▸ **TRY IT**:
Beginning with the line that holds "原爆ドーム前では、平和への願", output every remaining line of the material below exactly, and include none of the pictures.
[DATA SEGMENT Boundary: Start]
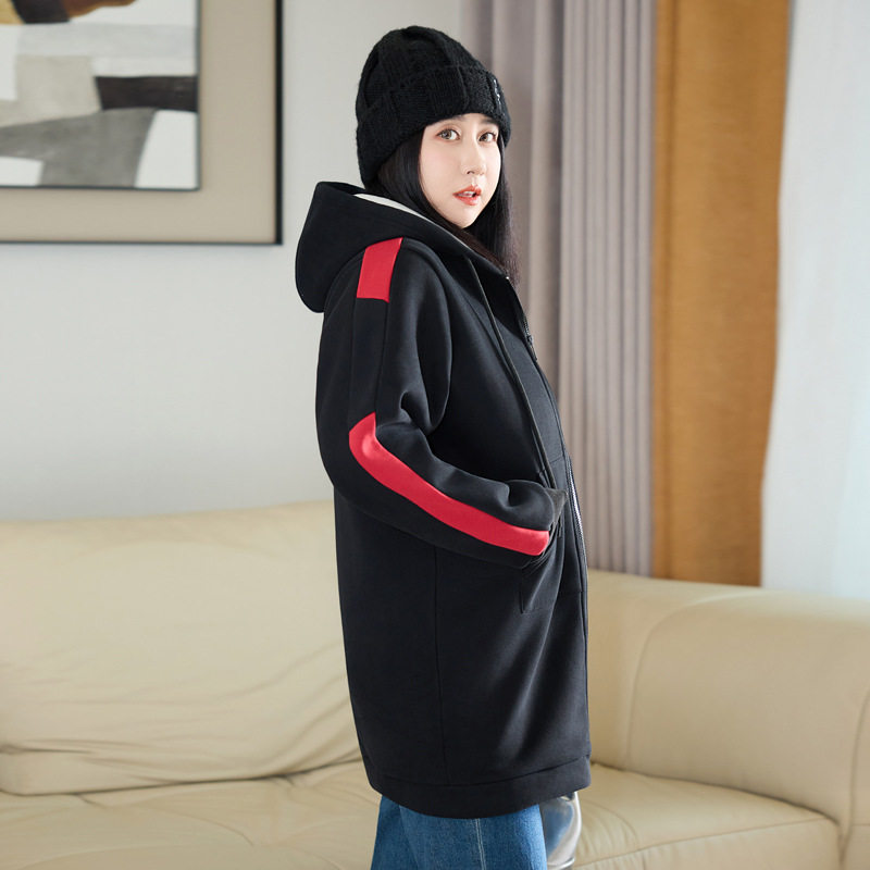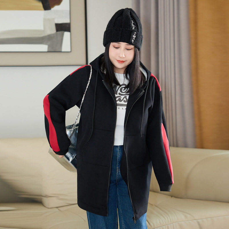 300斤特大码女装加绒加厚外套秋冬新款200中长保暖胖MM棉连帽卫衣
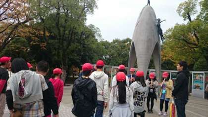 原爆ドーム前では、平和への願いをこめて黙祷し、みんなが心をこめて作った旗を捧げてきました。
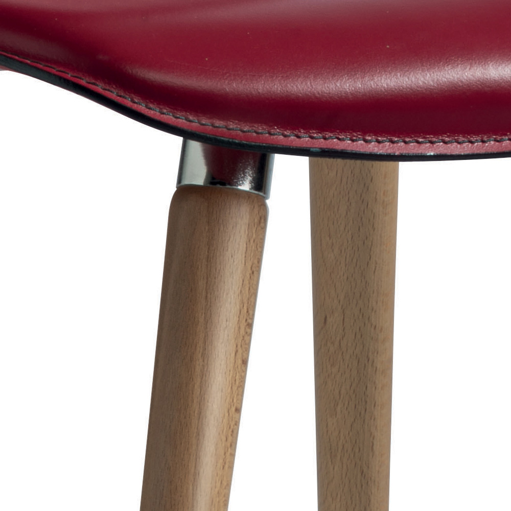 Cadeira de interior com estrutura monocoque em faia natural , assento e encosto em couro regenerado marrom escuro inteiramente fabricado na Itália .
[DATA SEGMENT Boundary: End]
▸ **SOLUTION TO THE EXERCISE**:
 原爆ドーム前では、平和への願いをこめて黙祷し、みんなが心をこめて作った旗を捧げてきました。
 Cadeira de interior com estrutura monocoque em faia natural , assento e encosto em couro regenerado marrom escuro inteiramente fabricado na Itália .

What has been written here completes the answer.